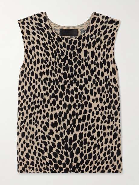 تتميز بلوزة 'Nessa' بدون أكمام من علامة Nili Lotan بمظهر أنيق سواء منسقة بمفردها مع بنطال الجينز أو تحت التصاميم الرسمية. حُبكت من الكشمير الناعم وتزدان بنقشة جلد الفهد العريضة كما وصُممت بقصة مسترخية قليلاً.
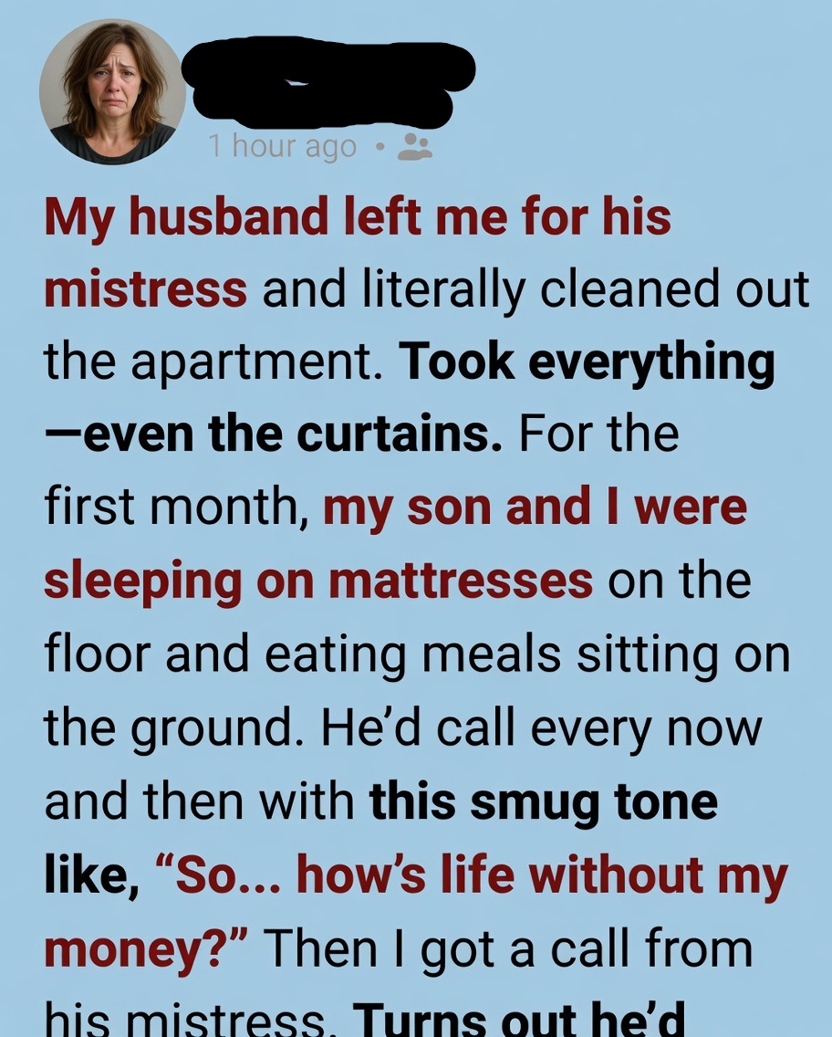When my husband left, he didn’t just walk out—he emptied our life down to the walls. He took the furniture, the appliances, even the curtains, leaving behind an echoing apartment and a confused eight-year-old asking where the couch had gone. The first weeks were brutal. My son tried to call it an “adventure,” but I saw the truth in the small things—the way he folded clothes without a dresser, the way we ate on the floor.
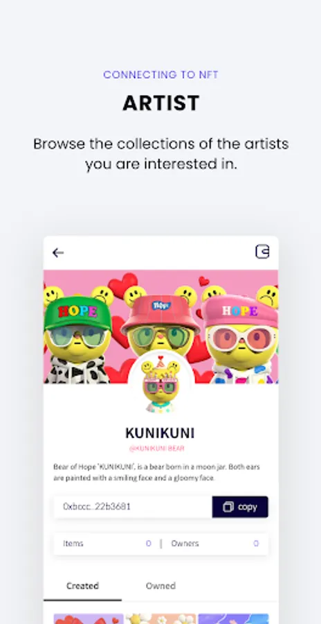 누구나 쉽게 NFT를 생성, 구매, 판매할 수 있으며, 크리에이터가 생성한 NFT는 블록체인 기반의 디지털 콘텐츠가 됩니다.
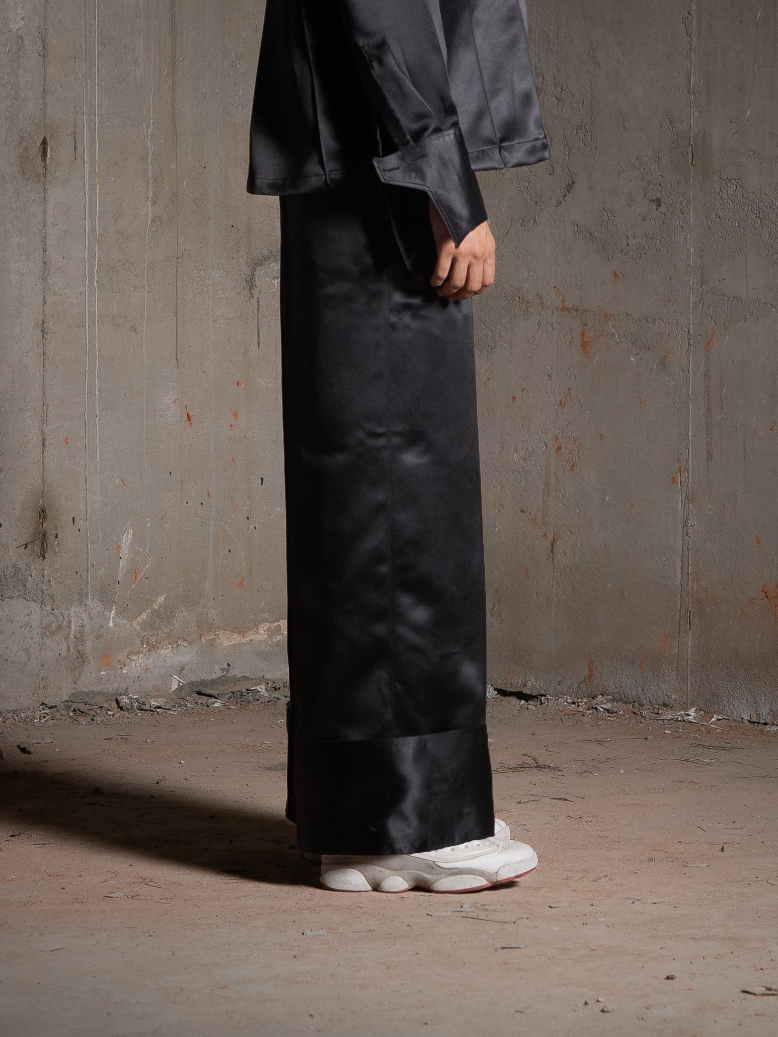 Crafted from recycled satin, these straight-leg pants feature classic tailoring with fold detailing at the hem and four pockets, two at the front and two at the back, for your essentials. Versatile and refined, they can be styled for a relaxed, casual look or dressed up for a formal, elegant ensemble.
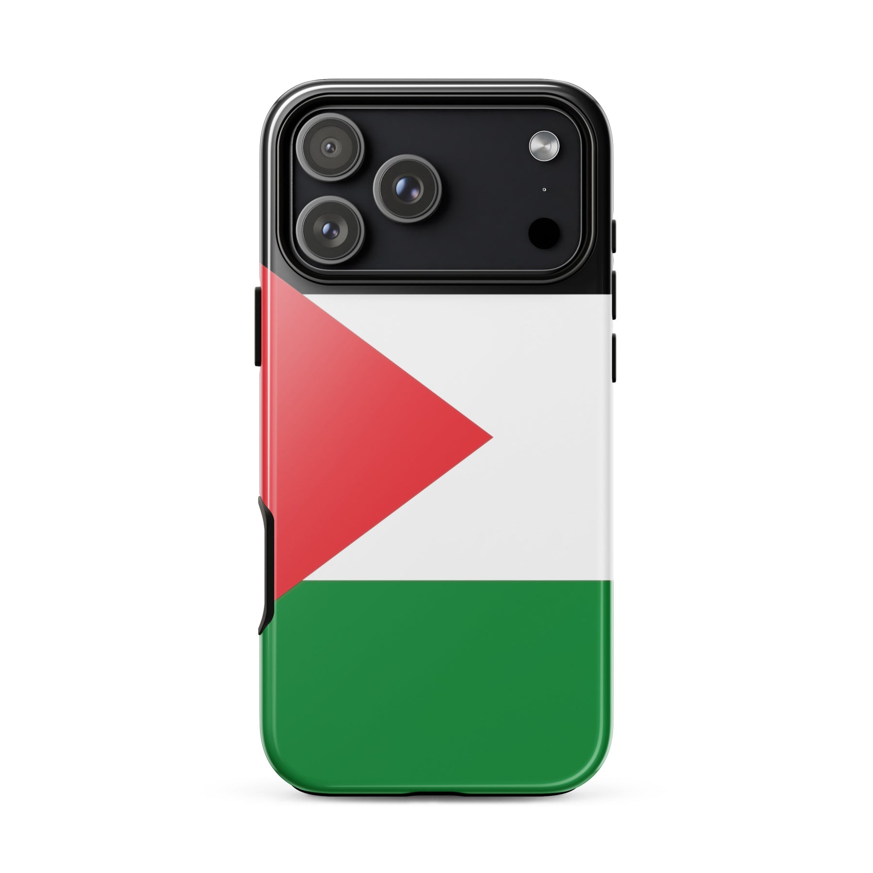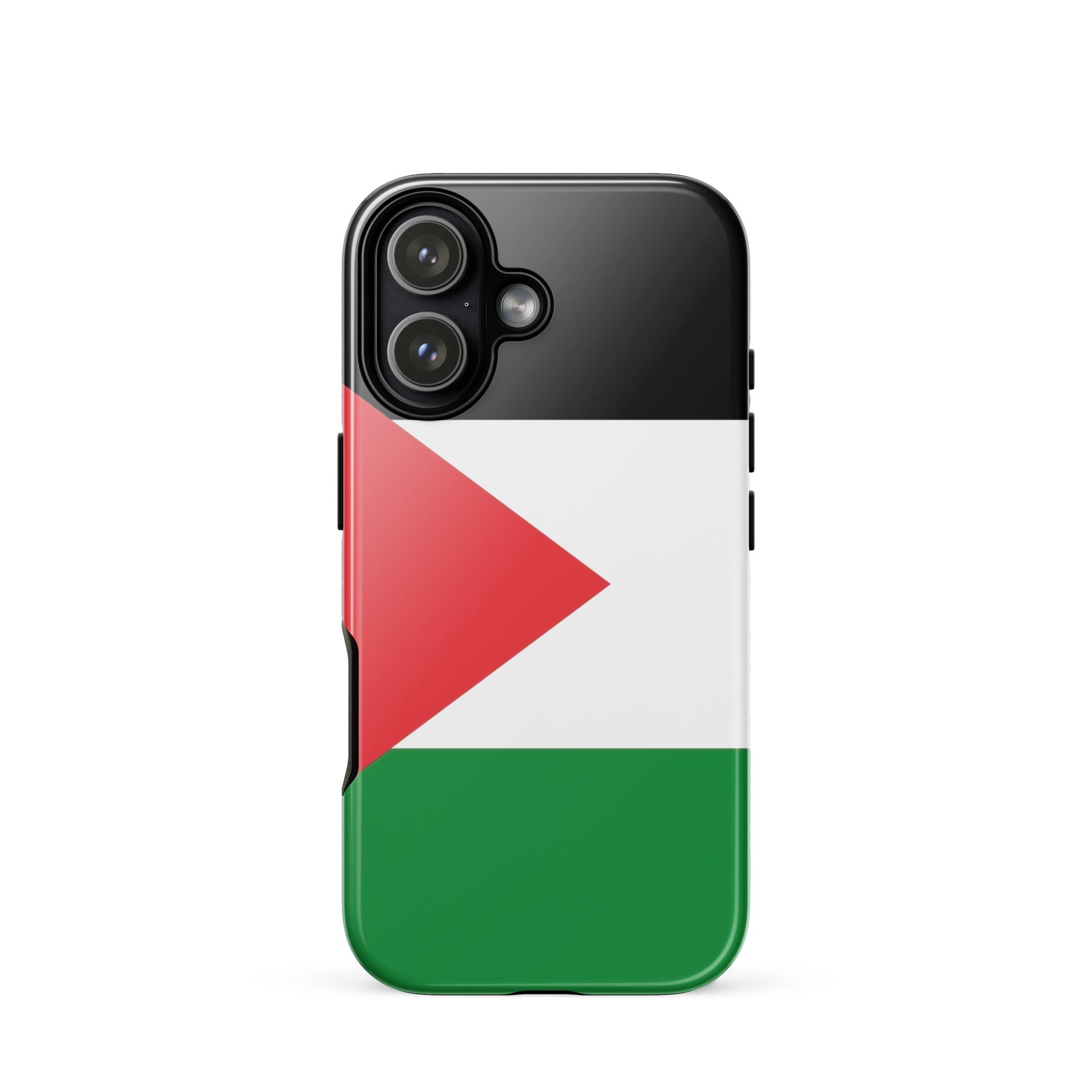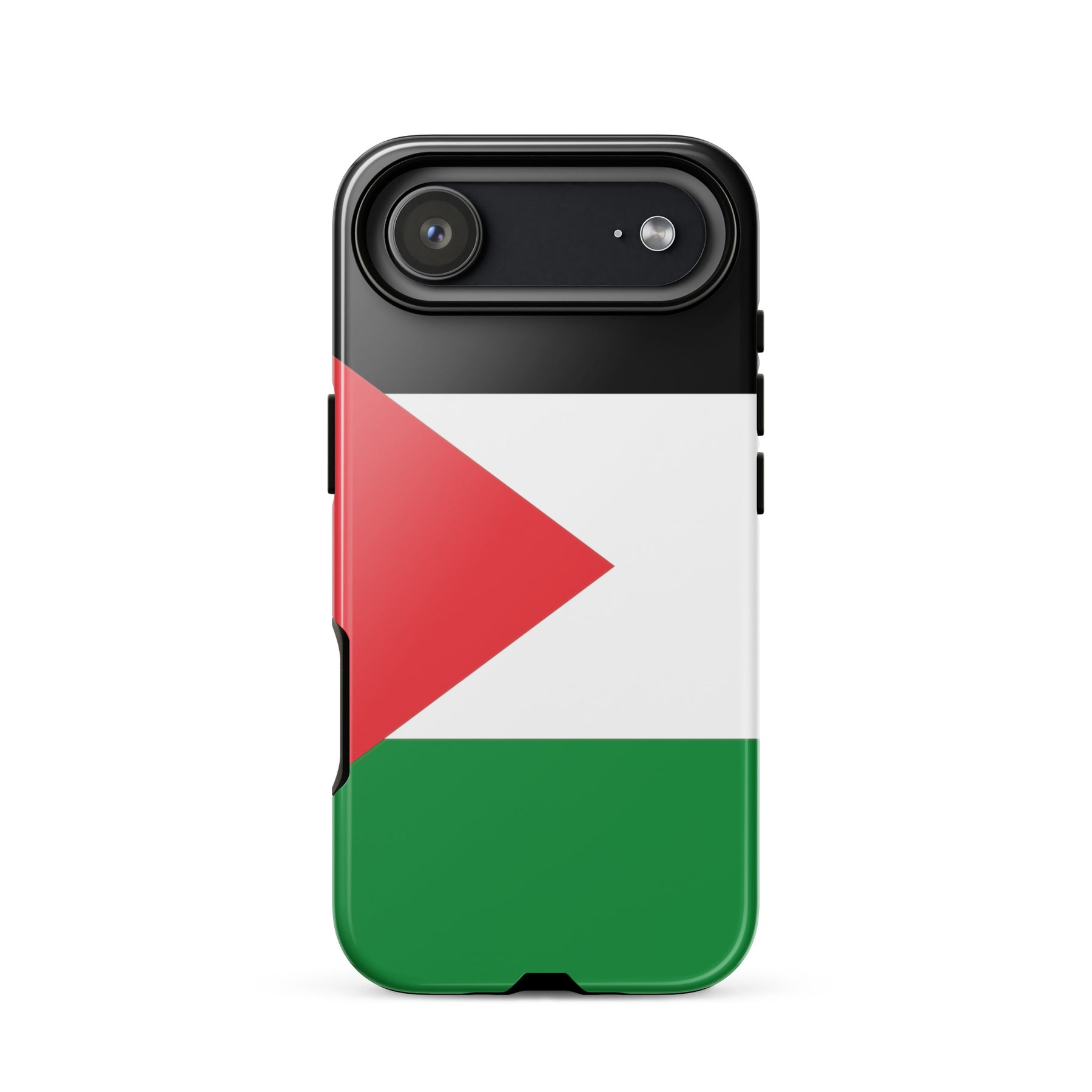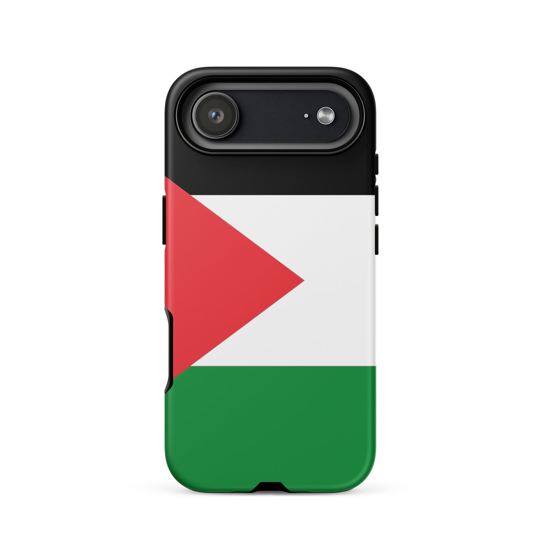 This tough iPhone® case features the bold and unmistakable Palestinian flag, standing tall as a symbol of resistance, identity, and hope. With a dual-layer design for serious drop protection and a smooth, scratch-resistant finish, it’s built to keep your phone safe—while keeping your message front and center. Because the flag belongs in your hands and in the fight. Free Palestine.
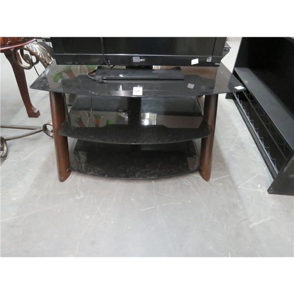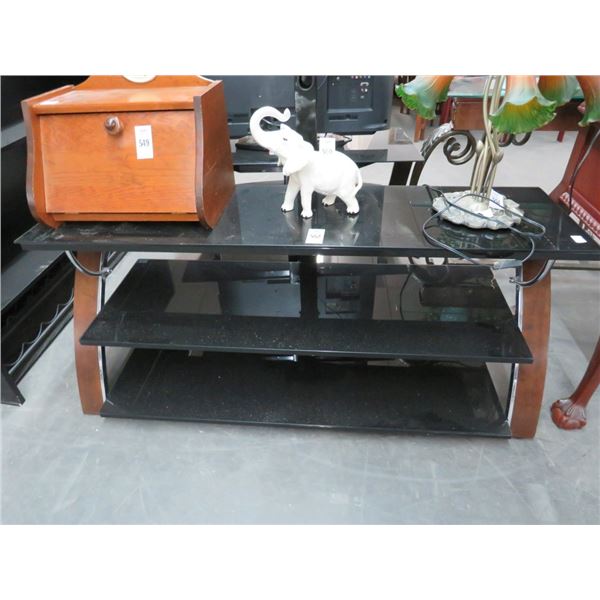 Contemporary Mahogany Trim 3 Tier Glass TV Console w/Stand
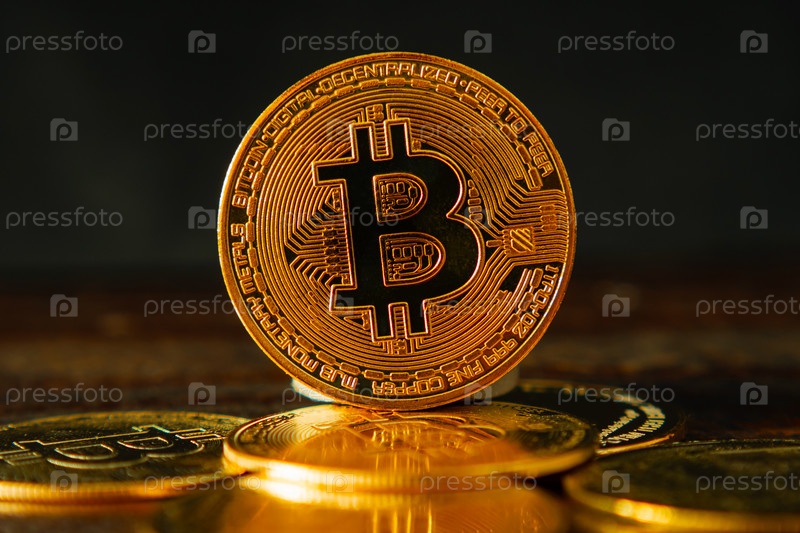 Золотая монета BTC стоит среди разбросанных монет на темном деревянном фоне.Криптовалюта биткоин. Технология блокчейн. Большой план

= = = = = = =

— What the task requires —
Every line from the top of the records above to the line with "누구나 쉽게 NFT를", inclusive, should be duplicated exactly, minus the pictures.

— Reply —
 تتميز بلوزة 'Nessa' بدون أكمام من علامة Nili Lotan بمظهر أنيق سواء منسقة بمفردها مع بنطال الجينز أو تحت التصاميم الرسمية. حُبكت من الكشمير الناعم وتزدان بنقشة جلد الفهد العريضة كما وصُممت بقصة مسترخية قليلاً.
When my husband left, he didn’t just walk out—he emptied our life down to the walls. He took the furniture, the appliances, even the curtains, leaving behind an echoing apartment and a confused eight-year-old asking where the couch had gone. The first weeks were brutal. My son tried to call it an “adventure,” but I saw the truth in the small things—the way he folded clothes without a dresser, the way we ate on the floor.
 누구나 쉽게 NFT를 생성, 구매, 판매할 수 있으며, 크리에이터가 생성한 NFT는 블록체인 기반의 디지털 콘텐츠가 됩니다.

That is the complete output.